Now for the fun stuff.  I owe it all to you guys for helping vote me in - so I'm going to give something back.  I'm going to put on a contest to give away a free pair of shoes from any shoe that A Runner's Circle carries.  Easy as that - if they carry the make and model of shoe you want - you get it.  Here's how it will work:  This giveaway will be open to anyone out there who is reading this.  I'll randomly pick a person who follows the criteria below as the winner.  If you win and you're local - meet me at the store (we'll snap some pictures for the blog) and you'll get whatever pair of running shoes you want.  If you're not local - I'll ship the shoes to you on my dime (free to you - assuming continental US - if you're international let me know and we'll work something out).  Since I'm a Skora ambassador and A Runner's Circle does not carry Skora (YET!) - I will offer up the option of providing the winner with a pair of Skora Fits in place of the shoes from A Runner's Circle.

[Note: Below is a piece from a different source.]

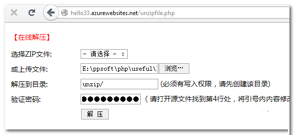 在这个简明的页面中,你可以选择服务器上现有的zip文件(前提是和这个文件同目录),也可以上传zip文件。解压目录保持不变即可,验证密码填写上一部你修改的密码,点击解压,服务器就会自动帮你解压这个文件。

Sound good?  Great!  Now, what do I want from you in return?  Nothing (except something, but they're all minor!) - since you've already given me tons of support.

My son watches a cartoon show called Special Agent Oso - and that's how we will be doing this contest.  IN THREE SPECIAL STEPS! (Anyone with a child under the age of 5 is singing this song in their heads right now)

Unfortunately Oso, you don't qualify to get the shoes for running on your treadmill.

STEP 1:  Follow me on Facebook (or add me, if you want to be friendly) and Twitter (I'm not bothersome - I promise).

STEP 2:  "Like" A Runner's Circle and Skora Running on Facebook.

STEP 3: Comment below saying you've done the above and leave a couple of words about what you would do with the shoes (doesn't have to be a heartfelt address - just something more than "I WANT SHOES").

That's it!  Easy peezy!  If I get enough entries, I may give away both a pair of Skoras and a pair of shoes from A Runner's Circle - but we'll see how many entries we get.  I will be checking to make sure everyone who comments followed the instructions, so be sure to follow steps 1 through 3.

I'll give it until the end of the month (until the Special Olympics World Games Half Marathon on June 1st) and select a winner then.  Anyone is eligible to enter except those related to me (since -  you know - I don't want any foul play).  So enter it and win!

With that said - May looks to be a (somewhat) busy month for me as (outside of this 5k) I'll be tacking two Triathlons (the XTerra Off Road Triathlon and the Special Olympics World Games Endurance Weekend Triathlon - both put on by Renegade Race Series) and two Half Marathons ( the Laguna Hills Memorial Day Half Marathon and the Special Olympics World Games Endurance Weekend Half Marathon - also put on by Renegade).  So it's a pretty busy month for me racing wise - especially considering that the Special Olympics Triathlon and Half Marathon are back to back!